§ EXERCISE
Copy exactly, and copy only, the lines from the one bearing "昼夜の寒暖差の大きさ、水源の" through the final line of the records.

§ EXTRACTED MATERIAL
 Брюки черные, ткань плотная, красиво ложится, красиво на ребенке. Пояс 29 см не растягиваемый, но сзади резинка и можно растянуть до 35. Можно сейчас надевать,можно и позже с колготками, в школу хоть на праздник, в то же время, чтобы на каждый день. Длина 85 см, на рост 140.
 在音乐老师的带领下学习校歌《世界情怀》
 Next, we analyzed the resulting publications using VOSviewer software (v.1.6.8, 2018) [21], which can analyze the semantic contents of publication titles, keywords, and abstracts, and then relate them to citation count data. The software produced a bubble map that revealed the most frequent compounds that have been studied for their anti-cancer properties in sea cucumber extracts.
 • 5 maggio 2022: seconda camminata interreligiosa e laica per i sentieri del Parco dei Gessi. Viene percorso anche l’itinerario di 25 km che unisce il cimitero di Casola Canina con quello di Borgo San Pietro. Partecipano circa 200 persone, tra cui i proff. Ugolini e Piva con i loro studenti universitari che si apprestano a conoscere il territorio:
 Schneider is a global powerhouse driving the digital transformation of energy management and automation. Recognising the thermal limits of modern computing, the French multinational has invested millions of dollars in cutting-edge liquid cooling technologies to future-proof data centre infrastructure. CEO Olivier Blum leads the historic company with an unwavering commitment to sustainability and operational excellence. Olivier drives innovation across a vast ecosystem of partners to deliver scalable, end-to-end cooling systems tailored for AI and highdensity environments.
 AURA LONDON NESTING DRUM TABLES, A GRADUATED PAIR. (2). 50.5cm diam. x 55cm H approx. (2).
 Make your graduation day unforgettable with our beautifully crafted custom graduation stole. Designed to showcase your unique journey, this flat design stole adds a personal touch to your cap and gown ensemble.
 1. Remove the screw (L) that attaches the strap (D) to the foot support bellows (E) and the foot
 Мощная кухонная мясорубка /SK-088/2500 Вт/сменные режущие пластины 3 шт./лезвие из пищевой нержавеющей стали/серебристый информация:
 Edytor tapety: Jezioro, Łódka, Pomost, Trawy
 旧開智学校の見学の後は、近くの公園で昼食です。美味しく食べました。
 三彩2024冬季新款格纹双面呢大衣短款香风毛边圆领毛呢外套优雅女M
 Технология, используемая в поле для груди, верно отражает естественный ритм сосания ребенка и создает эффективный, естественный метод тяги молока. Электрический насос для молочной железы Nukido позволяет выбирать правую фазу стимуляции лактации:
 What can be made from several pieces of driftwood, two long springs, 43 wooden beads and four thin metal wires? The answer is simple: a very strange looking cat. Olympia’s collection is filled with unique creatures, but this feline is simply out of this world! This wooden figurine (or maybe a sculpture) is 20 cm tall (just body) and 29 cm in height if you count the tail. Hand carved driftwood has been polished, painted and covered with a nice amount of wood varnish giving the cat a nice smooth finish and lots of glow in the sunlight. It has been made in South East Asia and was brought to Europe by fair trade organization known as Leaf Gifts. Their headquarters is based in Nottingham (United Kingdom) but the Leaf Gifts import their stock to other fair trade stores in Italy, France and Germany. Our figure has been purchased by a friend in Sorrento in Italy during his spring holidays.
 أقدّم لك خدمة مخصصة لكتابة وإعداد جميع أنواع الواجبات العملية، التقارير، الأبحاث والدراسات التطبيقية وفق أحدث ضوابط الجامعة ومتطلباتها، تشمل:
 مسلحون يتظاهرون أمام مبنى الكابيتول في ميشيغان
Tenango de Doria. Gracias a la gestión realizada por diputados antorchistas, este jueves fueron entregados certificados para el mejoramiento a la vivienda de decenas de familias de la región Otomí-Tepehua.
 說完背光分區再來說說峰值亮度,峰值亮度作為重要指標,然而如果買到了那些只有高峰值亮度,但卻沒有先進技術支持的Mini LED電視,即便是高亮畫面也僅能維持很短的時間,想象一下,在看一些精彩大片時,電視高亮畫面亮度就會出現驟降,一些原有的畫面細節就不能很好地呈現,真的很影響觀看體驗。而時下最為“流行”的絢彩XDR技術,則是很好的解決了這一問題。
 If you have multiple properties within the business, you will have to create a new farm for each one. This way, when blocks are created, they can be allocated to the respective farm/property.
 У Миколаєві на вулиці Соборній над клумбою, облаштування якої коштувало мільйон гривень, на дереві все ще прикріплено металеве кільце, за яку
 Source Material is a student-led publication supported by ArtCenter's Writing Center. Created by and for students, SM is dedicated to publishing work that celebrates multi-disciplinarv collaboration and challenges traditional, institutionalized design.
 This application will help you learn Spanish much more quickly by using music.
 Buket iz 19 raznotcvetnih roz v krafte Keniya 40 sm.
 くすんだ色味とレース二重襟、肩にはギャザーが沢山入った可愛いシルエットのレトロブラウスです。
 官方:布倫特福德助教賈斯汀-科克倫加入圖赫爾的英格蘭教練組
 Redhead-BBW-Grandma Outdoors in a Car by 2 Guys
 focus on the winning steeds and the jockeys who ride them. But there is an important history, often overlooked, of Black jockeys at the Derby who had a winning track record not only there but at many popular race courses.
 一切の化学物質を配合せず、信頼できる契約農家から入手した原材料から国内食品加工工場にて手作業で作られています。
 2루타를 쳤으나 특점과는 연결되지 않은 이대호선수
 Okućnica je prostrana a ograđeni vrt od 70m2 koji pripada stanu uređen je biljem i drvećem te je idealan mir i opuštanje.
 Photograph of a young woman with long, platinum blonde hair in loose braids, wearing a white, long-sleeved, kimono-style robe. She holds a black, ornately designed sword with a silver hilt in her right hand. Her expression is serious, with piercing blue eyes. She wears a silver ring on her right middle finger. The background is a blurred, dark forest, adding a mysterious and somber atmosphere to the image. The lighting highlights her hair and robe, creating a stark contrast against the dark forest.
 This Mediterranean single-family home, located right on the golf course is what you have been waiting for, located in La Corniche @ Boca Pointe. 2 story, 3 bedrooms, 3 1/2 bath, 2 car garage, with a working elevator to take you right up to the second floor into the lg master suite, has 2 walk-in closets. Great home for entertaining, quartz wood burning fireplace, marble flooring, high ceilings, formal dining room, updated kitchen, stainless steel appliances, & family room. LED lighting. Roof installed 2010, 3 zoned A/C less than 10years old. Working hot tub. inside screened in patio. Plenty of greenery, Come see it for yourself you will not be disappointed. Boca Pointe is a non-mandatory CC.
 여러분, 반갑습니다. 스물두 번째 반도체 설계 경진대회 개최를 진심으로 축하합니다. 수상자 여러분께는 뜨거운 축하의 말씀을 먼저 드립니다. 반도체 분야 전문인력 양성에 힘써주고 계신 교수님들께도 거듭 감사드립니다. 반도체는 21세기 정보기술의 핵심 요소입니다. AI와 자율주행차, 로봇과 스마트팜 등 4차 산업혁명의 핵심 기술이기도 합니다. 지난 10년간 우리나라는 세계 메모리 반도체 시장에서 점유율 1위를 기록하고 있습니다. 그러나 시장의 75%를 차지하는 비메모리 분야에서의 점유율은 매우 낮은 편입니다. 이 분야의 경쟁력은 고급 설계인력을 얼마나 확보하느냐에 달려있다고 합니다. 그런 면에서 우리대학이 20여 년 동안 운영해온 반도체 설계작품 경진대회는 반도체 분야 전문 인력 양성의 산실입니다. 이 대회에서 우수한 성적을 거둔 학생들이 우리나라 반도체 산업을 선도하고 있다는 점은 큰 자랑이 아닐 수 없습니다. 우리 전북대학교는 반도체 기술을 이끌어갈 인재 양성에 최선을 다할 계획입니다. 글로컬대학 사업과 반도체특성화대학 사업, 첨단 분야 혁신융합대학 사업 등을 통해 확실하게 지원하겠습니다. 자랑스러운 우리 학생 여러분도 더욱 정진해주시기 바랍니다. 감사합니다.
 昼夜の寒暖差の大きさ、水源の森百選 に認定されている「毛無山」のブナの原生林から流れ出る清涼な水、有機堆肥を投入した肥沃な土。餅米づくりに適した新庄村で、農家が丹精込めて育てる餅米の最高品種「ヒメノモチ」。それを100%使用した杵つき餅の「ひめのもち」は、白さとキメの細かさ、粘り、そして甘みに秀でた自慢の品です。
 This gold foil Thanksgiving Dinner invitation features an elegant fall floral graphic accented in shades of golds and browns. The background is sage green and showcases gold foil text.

§ ANSWER SECTION
 昼夜の寒暖差の大きさ、水源の森百選 に認定されている「毛無山」のブナの原生林から流れ出る清涼な水、有機堆肥を投入した肥沃な土。餅米づくりに適した新庄村で、農家が丹精込めて育てる餅米の最高品種「ヒメノモチ」。それを100%使用した杵つき餅の「ひめのもち」は、白さとキメの細かさ、粘り、そして甘みに秀でた自慢の品です。
 This gold foil Thanksgiving Dinner invitation features an elegant fall floral graphic accented in shades of golds and browns. The background is sage green and showcases gold foil text.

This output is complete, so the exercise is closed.